Home,  Parent,  Memory Latency,  TPC-E Benchmarks,  Single Processor,  DRAM,  SRAM

Memory Latency II (2018-04)

Round-trip memory latency is probably now the most aspect of system performance. In part, this is because processors have improved dramatically over the years in almost every aspect except for memory latency. The discussion here mostly covers the period from the Intel processor codenamed Nehalem to present, Skylake in the Xeon SP form. Most of the information pertains to the codename-EP versions corresponding to the Xeon E5 class. A comparison against memory latency in the desktop processors is useful, particularly in reminding us that everything in the system is a series of trade-offs. If we want memory with ECC and big capacity, there is a price. Very little information is available on the EX version or E7 class product lines.

Preliminary and Tools

Memory latency in modern multi-core processors is already a complex topic. The matter is further complicated by multi-processor systems inherently having non-uniform memory access (NUMA) due to the integrated memory controller. There are many scenarios, as to whether data is the cache of another core in the same socket or different socket, unmodified or modified, and shared or exclusive. Recent Intel processors also have many cache-coherency modes, which adds further complexity. The discussion here mostly concerns only the simplified form of local and remote node memory access.

Memory latency test tools include Intel Memory Latency Checker (MLC), currently on version 3.5, and Igor Pavlov's 7-cpu 7-Benchmark with results are posted on 7-Zip LZMA Benchmark. Results have been reported in various places, not all of which are consistent, and different tools were used.

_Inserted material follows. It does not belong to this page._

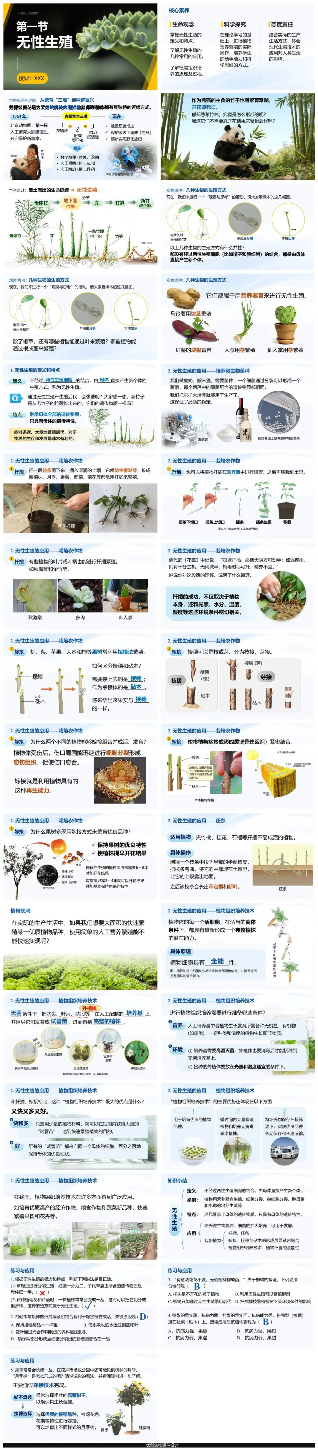今天为大家分享一份八年级下册《无性生殖》的优质PPT课件。这份课件不仅涵盖了基础概念,更通过精美的图示详细拆解了“嫁接”、“扦插”及“组织培养”等难点,非常适合新课教学。

In reviewing available literature on this topic, there appears to a significant change in cache coherency from the Intel Xeon E5/7 class processors between the Nehalem (2009) to Ivy Bridge (2013), and the Haswell (2014) and later processors, impacting single versus multi-processor latency.

Nehalem

The Molka-99 paper provides the following for a 2-way Nehalem Xeon X5570 4-core, 2.93GHz system, 6 x 2GB DDR3-1333 registered ECC memory. Debian 5.0 operating system. The test tool is BenchIT (more).

    2S_Nehalem

Cache latencies are stated both in absolute time and cycles. L1 is 4 cycles, L2 is 10 cycles, and local L3 is 38-cycles or 13ns at 2.93GHz.

The L1 is hardwired into the CPU core pipeline and must be 4 cycles, or 5 in certain cases. I am not sure if L2 is set to a fixed number of cycles or is frequency dependent. In any case, L2 is part of the core, and cannot be dependent on uncore characteristics. The L3 is part of the uncore, and operates independently of the core frequency.

Local node memory access is 65ns and remote memory is 106ns, inclusive of L3 miss. (L3 miss can be determined sooner than the full L3 access, but memory is loaded into L3 on the return trip?) The Thomadakis thesis has 65ns local and 105ns remote.

Molka-99 paper has much greater details on all the possible latency circumstances. A local L3 miss but hit on a different core in the local die is 22.2ns, while a remote die cache hit is 63.4ns for read, exclusive. Other circumstances are modified cache line, shared cache line much details on the exact circumstances.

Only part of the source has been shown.